Tuesday, April 19, 2005

One thing is for sure. If the holy spirit was active at the conclave of cardinals, then the spirit of John Paul II certainly was too. The new pope was his chosen successor and the cardinals accepted that.

I will admit I would have preferred a pope who was not quite so much a conservative figurehead. The Hitler's Youth business just produces a ready made target for anti-Catholics. On the other hand, they hate the Church for what it is and would never warm to a pope unless he completely sold out to them. And that is something we did not want to see. As for my own predictions, the less said the better....

So what have we got?

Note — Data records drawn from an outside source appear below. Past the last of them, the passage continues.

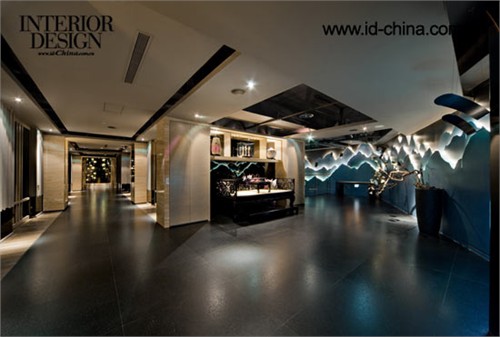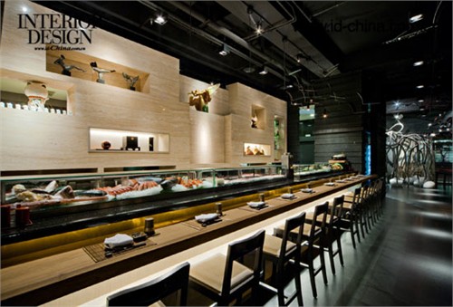 1F用餐區(qū)部分,空間挑高4米八的尺度,整體空間均用低彩度沉穩(wěn)色系營(yíng)造,為提供食客一進(jìn)門即感受一份寧?kù)o與舒適的用餐氛圍。設(shè)計(jì)上共布局3組型式(包廂區(qū)/板前料理區(qū)/散桌區(qū))以滿足不同人數(shù)與類型的食客用餐需求。 包廂區(qū)的設(shè)計(jì)上被層迭窄版分割的石材大墻包覆著,各包廂呈現(xiàn)連續(xù)性獨(dú)立的空間表現(xiàn)。板前料理區(qū) :日式料理的菜肴重點(diǎn)表現(xiàn)在食材的新鮮與精美,設(shè)計(jì)上特別規(guī)劃一區(qū)長(zhǎng)達(dá)10米桌長(zhǎng)之板前料理座臺(tái),除了臺(tái)面上可充分展現(xiàn)食材的豐富與新鮮度之外,更可讓食客直接感受料理師傅的精湛手藝。師傅工作臺(tái)后的背墻面,更為重點(diǎn)表現(xiàn)的藝術(shù)大墻,以米色洞石,明亮色系跳脫與周遭空間的不同之外,8米長(zhǎng)的石材大墻上巧妙塊體分割布局的展示洞與瀑布水墻上均可放置藝術(shù)品成列,讓食客于用餐的同時(shí),直接面對(duì)體驗(yàn)空間配合藝術(shù)品的變化性。 散桌區(qū)在1F主廊道的端點(diǎn),是26坪大的開(kāi)放空間,設(shè)計(jì)考慮是提供營(yíng)運(yùn)者一區(qū)可靈活調(diào)度運(yùn)用的場(chǎng)所,簡(jiǎn)單用一組整面的山型意象畫作光墻呈現(xiàn)空間的氣度性。另外成列低反射性鏡面的連續(xù)造型帶,表現(xiàn)空間的豐富感。
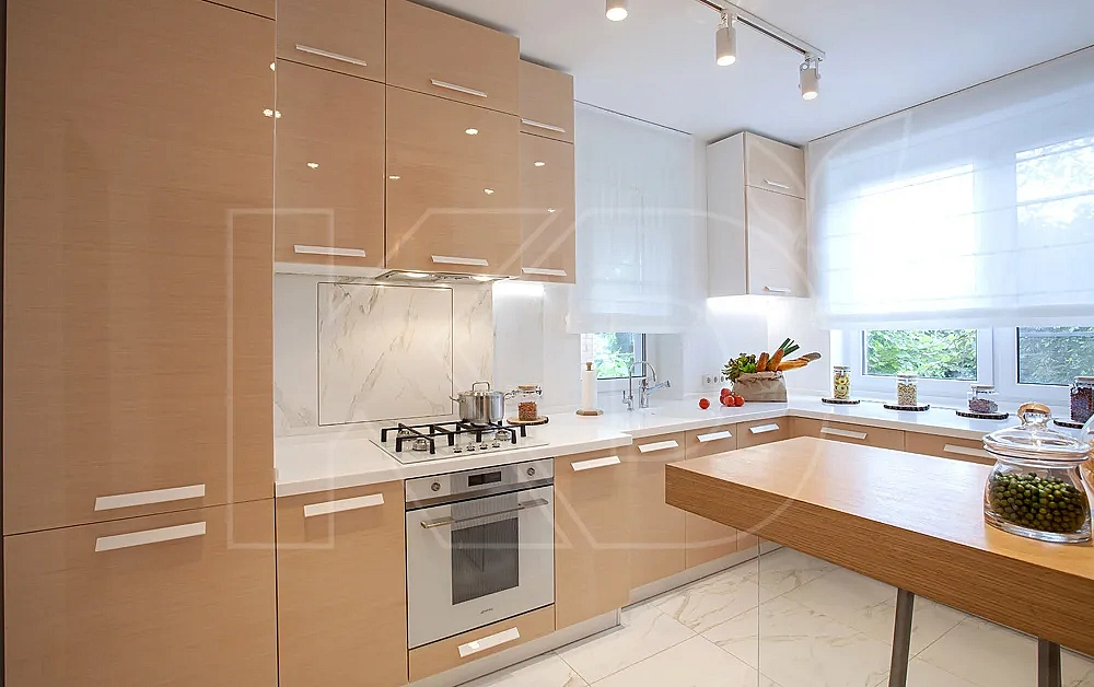 Чтобы П-образным гарнитуром было удобнее пользоваться, расстояние между противоположными сторонами должно составлять 1,2-1,5 метра. В противном случае пользоваться бытовой техникой и открывать шкафы будет неудобно.
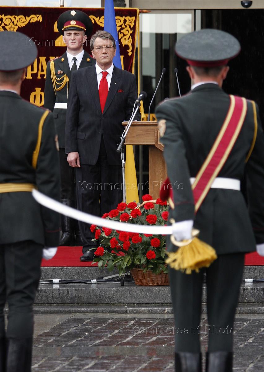 Президент Украины Виктор Ющенко (в центре) во время праздничного парада, посвященного Дню Победы.
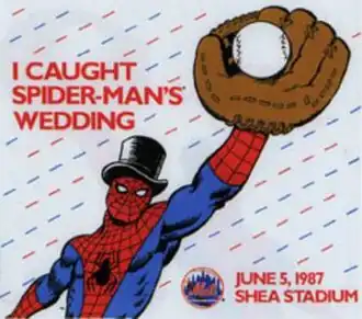 Spider-Man's wedding at Shea Stadium in 1987 was a publicity stunt and live performance adaptation of the comic book storyline "The Wedding!" produced by Marvel Comics. The event was meant to advertise the special issue of The Amazing Spider-Man comic book, which went on sale the next Tuesday and took place at home plate in front of more than 45,000 fans just before the New York Mets played the Pittsburgh Pirates.[2][3][4][5][6][7][8][9][10][11][12]

The finest intellect to occupy the throne of St Peter since... well ever, probably. A first class administrator when the Vatican administration is in a pretty poor state of repair. It is no good being a centraliser if the central machinery is not up to the job. A conservative yes, but one who has already admitted to some of the mistakes of the past. At least I don't have to worry about his orthodoxy.

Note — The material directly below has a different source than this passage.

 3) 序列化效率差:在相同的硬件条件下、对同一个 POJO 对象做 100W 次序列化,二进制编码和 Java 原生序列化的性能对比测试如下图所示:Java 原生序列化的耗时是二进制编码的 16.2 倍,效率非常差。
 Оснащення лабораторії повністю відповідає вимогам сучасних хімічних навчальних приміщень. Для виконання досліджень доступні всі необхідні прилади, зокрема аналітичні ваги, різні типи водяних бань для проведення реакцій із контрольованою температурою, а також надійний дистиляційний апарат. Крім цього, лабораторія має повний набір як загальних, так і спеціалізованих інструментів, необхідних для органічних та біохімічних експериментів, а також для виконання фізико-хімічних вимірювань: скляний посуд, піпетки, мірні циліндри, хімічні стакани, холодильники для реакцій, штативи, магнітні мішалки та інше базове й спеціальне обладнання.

One issue that I would like Benedict XVI to grasp with both hands is the liturgy. In the English speaking world, this has been on the skids for some time. We foolishly borrowed the Anglican ideas of 'inclusive language' and 'modern terminology' just when the Anglicans had rightly started to ditch the idea. I want to see the English liturgy develop some of the numinous lustre of the Book of Common Prayer, Latin to be used more often (especially Gregorian chant), traditional English hymns to be sung as they are by Anglicans and choirs that dress properly. It is the liturgy that allows most of us to get as close to God as we ever do and it needs to be a top priority. Here, at least, Vatican II was an unmitigated failure. Hard to believe that so much of the world's greatest music is set to the Catholic liturgy. Even Bach wrote a mass and he was Protestant!